兵庫県の淡路町、デジタルデバイドを解消するため町全体でADSLサービス導入に動く | RBB TODAY

兵庫県の淡路町、デジタルデバイドを解消するため町全体でADSLサービス導入に動く

ブロードバンド その他

 兵庫県の地方行政がブロードバンド整備に自ら動いた。兵庫県の淡路町は、ブロードバンドを電気・水道・ガスに続く4番目のインフラと位置づけ、すべての町民に対してADSLサービスを提供することにしたのだ。

 行政主導にも関わらず、淡路町が第3セクタなどを設立して独自にサービスを提供するのではなく、民間のADSL事業者に委託するという形をとる。
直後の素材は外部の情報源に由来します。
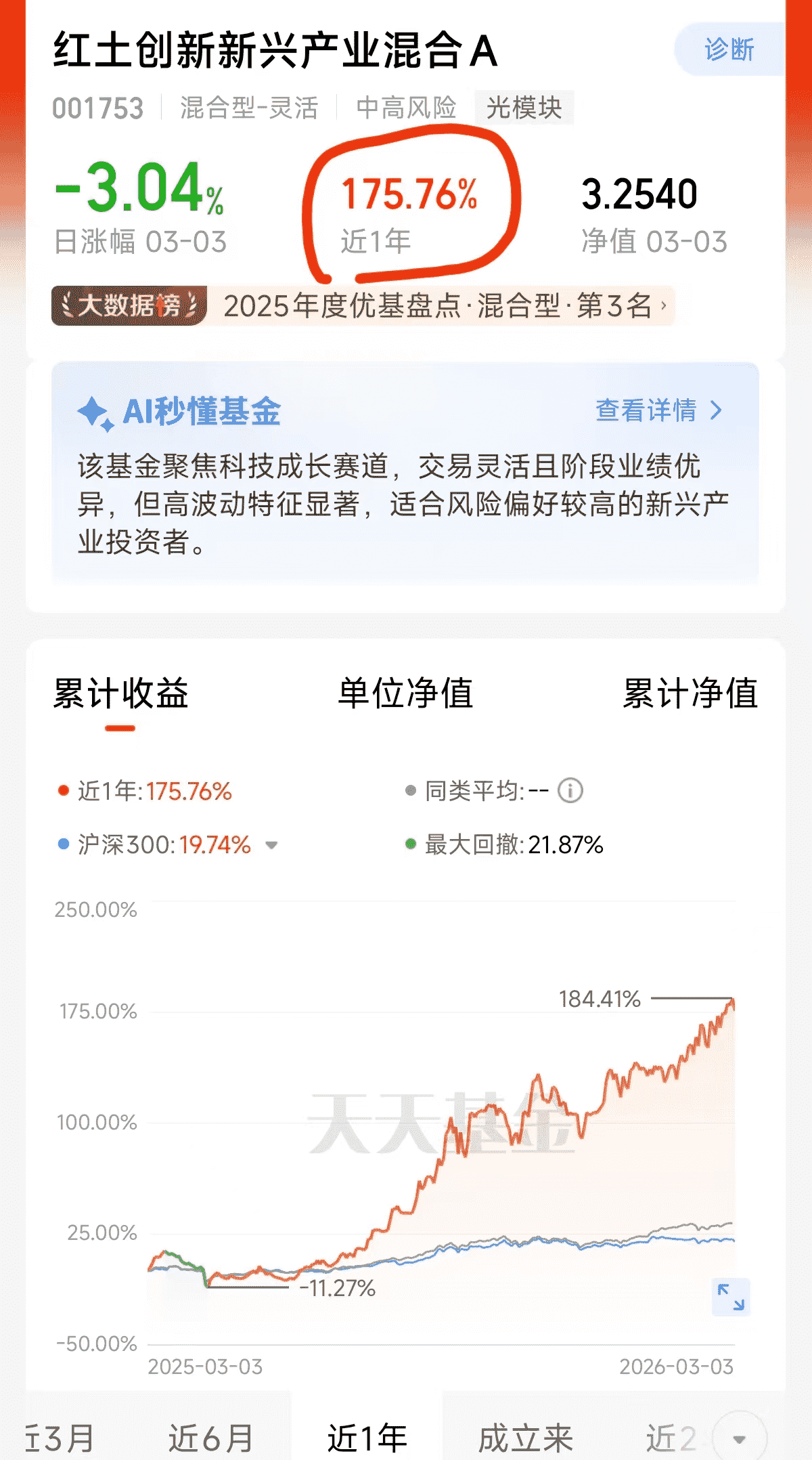 大盘这两天虽然震荡,但主线还是在光模块这边。红土创新新兴产业混合A近一年涨了175.76%不是没道理的,重仓的全是通信和电子龙头,同类中排名也一直是第一,三个月前刚出的红土创新新兴产业混合C,上车成本低,弹性更大。反正这种行情最怕手里拿的不是主流,这基的节奏感很好,一直绕着AI算力和数字经济布局,趁现在这一块回调,我再补点仓,坐等下一口肉$红土创新新兴产业混合A$

このように行政が民間事業者に委託してADSLサービス提供をするという方法は日本初のことだが、早急にしかも町全域にブロードバンドサービスを普及するうえではかなり現実的な方法といえる。

 淡路町は明石海峡大橋のたもとに位置する人口7,014人(2,647世帯)の小さな町である。そのため、同町では下り速度64kbpsのフレッツ・ISDNしか利用できず、今後もブロードバンド事業者が参入してくる可能性はほとんどない。

 そこで、淡路町役場は、町全体にADSL回線を投入することとし、その経費を補正予算として計上した。町全体へのADSL整備については、行政ばかりか町内会や商工会、観光協会からも多くの意見が寄せられたという。淡路町では、全世帯へのADSLサービス導入によって、在宅福祉や災害情報、観光情報などに利用していくことを予定している。

 ADSLサービスを提供する事業者は関西ブロードバンド。月額利用料は1,980円(別途、モデムレンタル料が必要)を予定している。関西ブロードバンドは、兵庫県情報ハイウェイをバックボーンとして、兵庫県全域にADSLサービス「h555.net」を提供する予定でいる。